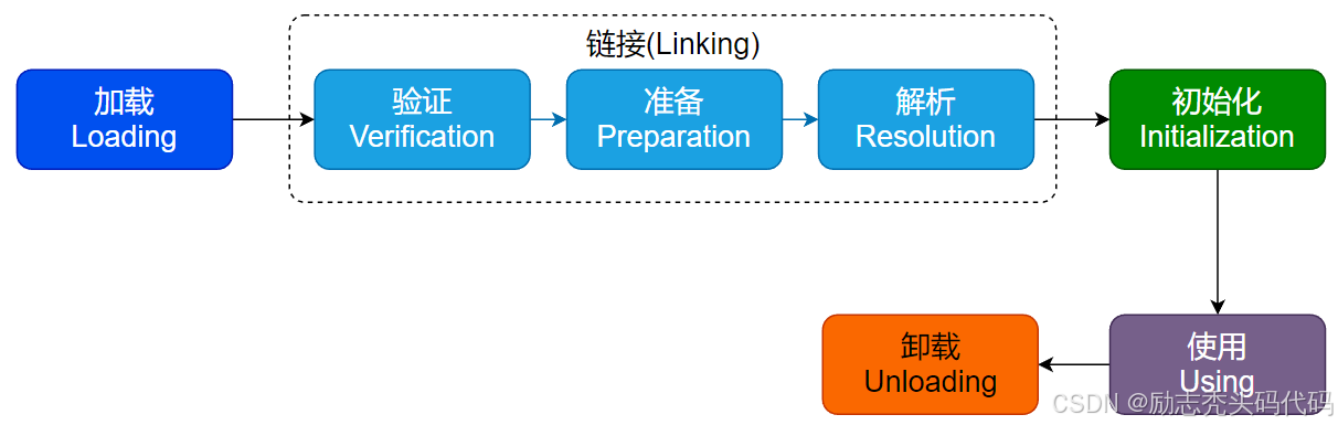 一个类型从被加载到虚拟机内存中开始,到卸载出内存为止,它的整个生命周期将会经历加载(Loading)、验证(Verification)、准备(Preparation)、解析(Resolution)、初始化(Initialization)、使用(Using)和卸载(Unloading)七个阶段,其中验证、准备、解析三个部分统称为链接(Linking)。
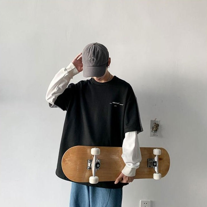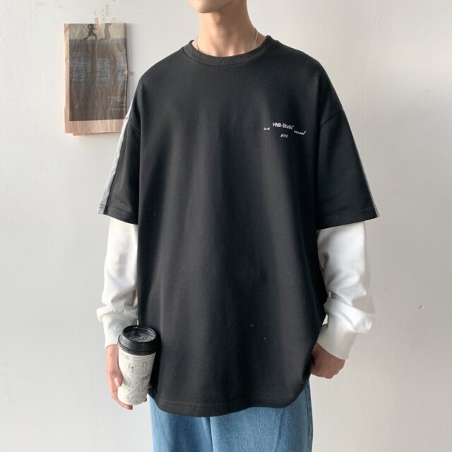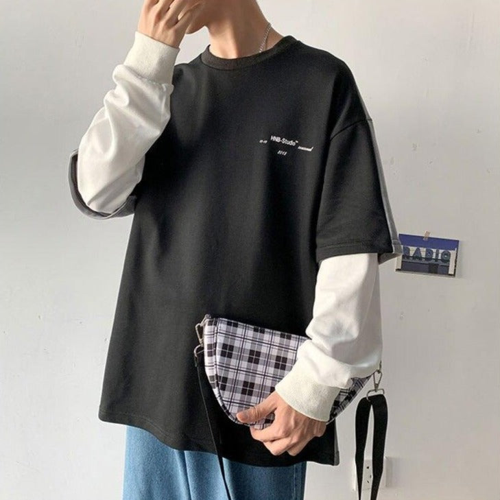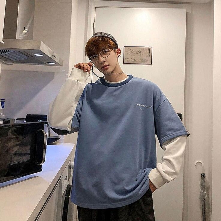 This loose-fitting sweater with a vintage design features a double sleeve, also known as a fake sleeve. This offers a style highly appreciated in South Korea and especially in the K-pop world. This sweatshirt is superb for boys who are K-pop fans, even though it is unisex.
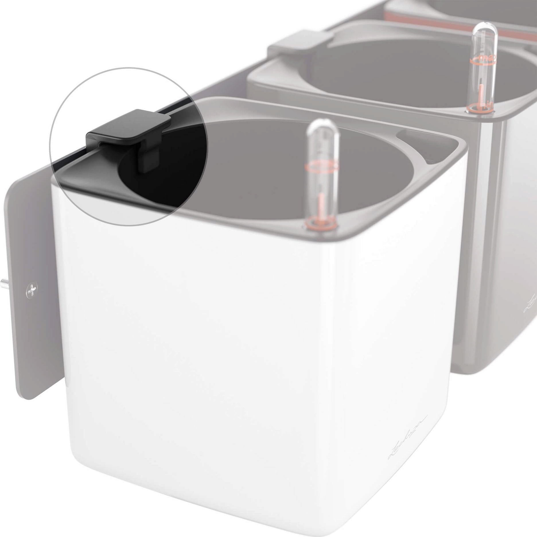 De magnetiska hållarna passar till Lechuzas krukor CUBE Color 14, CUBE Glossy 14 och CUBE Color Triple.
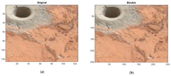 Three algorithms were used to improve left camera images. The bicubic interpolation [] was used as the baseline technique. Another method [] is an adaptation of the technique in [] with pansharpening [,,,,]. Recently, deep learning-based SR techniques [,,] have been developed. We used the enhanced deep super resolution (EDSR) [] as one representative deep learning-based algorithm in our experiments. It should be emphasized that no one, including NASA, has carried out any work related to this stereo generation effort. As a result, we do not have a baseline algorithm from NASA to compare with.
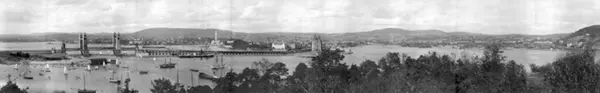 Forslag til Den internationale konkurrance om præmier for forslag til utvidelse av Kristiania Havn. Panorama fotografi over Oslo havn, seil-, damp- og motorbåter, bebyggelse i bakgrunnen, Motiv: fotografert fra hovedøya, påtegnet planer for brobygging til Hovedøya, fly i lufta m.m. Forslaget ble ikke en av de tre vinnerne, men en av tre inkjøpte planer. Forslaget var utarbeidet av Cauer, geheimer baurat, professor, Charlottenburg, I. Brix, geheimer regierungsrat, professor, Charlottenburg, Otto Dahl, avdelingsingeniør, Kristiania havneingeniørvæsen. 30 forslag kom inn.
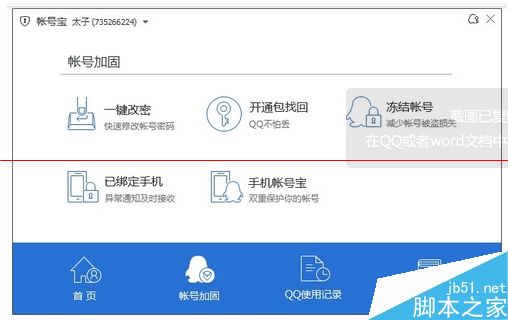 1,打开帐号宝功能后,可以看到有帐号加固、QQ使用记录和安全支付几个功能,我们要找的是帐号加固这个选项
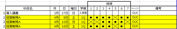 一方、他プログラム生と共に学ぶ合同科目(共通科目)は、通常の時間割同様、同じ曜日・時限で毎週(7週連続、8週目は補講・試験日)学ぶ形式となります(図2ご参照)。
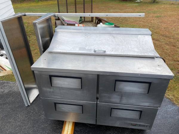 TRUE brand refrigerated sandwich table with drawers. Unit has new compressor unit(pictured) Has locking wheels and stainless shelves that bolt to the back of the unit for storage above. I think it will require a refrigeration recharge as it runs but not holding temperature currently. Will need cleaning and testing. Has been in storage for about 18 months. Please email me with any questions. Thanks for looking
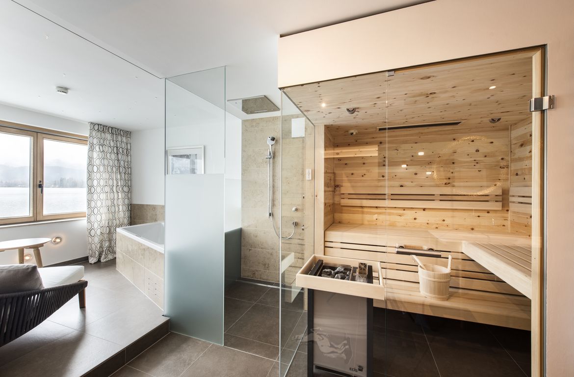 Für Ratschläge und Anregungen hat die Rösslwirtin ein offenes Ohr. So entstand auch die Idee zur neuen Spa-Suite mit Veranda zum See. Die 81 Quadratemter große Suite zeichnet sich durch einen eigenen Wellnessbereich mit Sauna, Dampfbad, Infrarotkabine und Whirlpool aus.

# Directions:
In the listing above, find the line containing "Three algorithms were" and the line containing "一方、他プログラム生と共に学", then write out both of them and every line between, exactly, with no pictures.

# Answer box:
 Three algorithms were used to improve left camera images. The bicubic interpolation [] was used as the baseline technique. Another method [] is an adaptation of the technique in [] with pansharpening [,,,,]. Recently, deep learning-based SR techniques [,,] have been developed. We used the enhanced deep super resolution (EDSR) [] as one representative deep learning-based algorithm in our experiments. It should be emphasized that no one, including NASA, has carried out any work related to this stereo generation effort. As a result, we do not have a baseline algorithm from NASA to compare with.
 Forslag til Den internationale konkurrance om præmier for forslag til utvidelse av Kristiania Havn. Panorama fotografi over Oslo havn, seil-, damp- og motorbåter, bebyggelse i bakgrunnen, Motiv: fotografert fra hovedøya, påtegnet planer for brobygging til Hovedøya, fly i lufta m.m. Forslaget ble ikke en av de tre vinnerne, men en av tre inkjøpte planer. Forslaget var utarbeidet av Cauer, geheimer baurat, professor, Charlottenburg, I. Brix, geheimer regierungsrat, professor, Charlottenburg, Otto Dahl, avdelingsingeniør, Kristiania havneingeniørvæsen. 30 forslag kom inn.
 1,打开帐号宝功能后,可以看到有帐号加固、QQ使用记录和安全支付几个功能,我们要找的是帐号加固这个选项
 一方、他プログラム生と共に学ぶ合同科目(共通科目)は、通常の時間割同様、同じ曜日・時限で毎週(7週連続、8週目は補講・試験日)学ぶ形式となります(図2ご参照)。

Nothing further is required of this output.